# B12 engine swap



## 19sentra88 (Oct 24, 2009)

whats the easiest and cheapest engine swap that can be done to a b12 sentra with the e16 carburated engine (keep in mind i live in the usa with NO euro connections) thanks for the help


----------



## zGo (Feb 15, 2010)

Bump for this guy. Same question.


----------



## TOOQIKK (Jul 11, 2009)

keep it and modify it would be the cheapest thing to do....
what are your plans for the car that would help determine which direction you should/could go......


----------



## zGo (Feb 15, 2010)

TOOQIKK said:


> keep it and modify it would be the cheapest thing to do....
> what are your plans for the car that would help determine which direction you should/could go......


That would be cheap especially since there are no performance parts for this engine. Wouldn't have to spend a dime.
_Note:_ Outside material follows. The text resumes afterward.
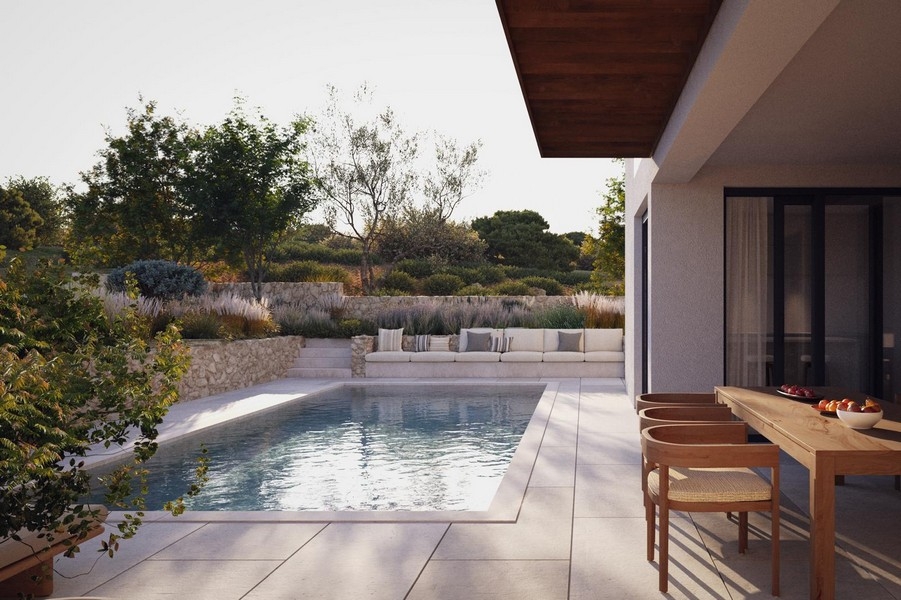 Parhus S1 med pool (ca 26,25 m²) och ca. 187 m² boyta har tre sovrum, två badrum, vardagsrum med kök och matplats, toalett, förråd och terrasser. 2 parkeringsplatser. Inköpspris: 550 000 EUR

Just so you know your response was one of the most uneducated, thoughtless, and generic answers I've had to a forum question in a long time. You might as well have -Captain Obvious in your signature.


----------



## TOOQIKK (Jul 11, 2009)

unfortunately there are no easy or cheap engine swaps. 
you can modify the carb, get a header, upgrade the exhaust , get the euro cams, 
do a few other things to it ....
and really depending on the what the purpose of the vehicle is will decide on what the set up should be.


----------



## TOOQIKK (Jul 11, 2009)

might try searching in this forum too....
E/CA-Series & GA16i Engines - Nissan Forums: Nissan Forum


----------



## BeyondBiscuits2 (Jan 18, 2006)

Your easiest swap would be going to an E16i, which is the fuel injected version of your current engine. No modification of engine mounts is needed, and you can use the same transmission, CV axles, hubs, and half shafts. You will have to change out the engine wiring harness and ECU, but it should just plug right in to your interior harness. You will also need an electric fuel pump.

For a more difficult swap, you can upgrade to the GA16DE. They are easy to pick up having been available from 1991-1998 in the Sentras and 200SXs. You will need a GA-series transmission, CV axles, half shafts, and hubs, as well. New engine mounts will more than likely be necessary. Wiring will also be tricky.

Same for the SR20DE or SR20DET. Good luck.


----------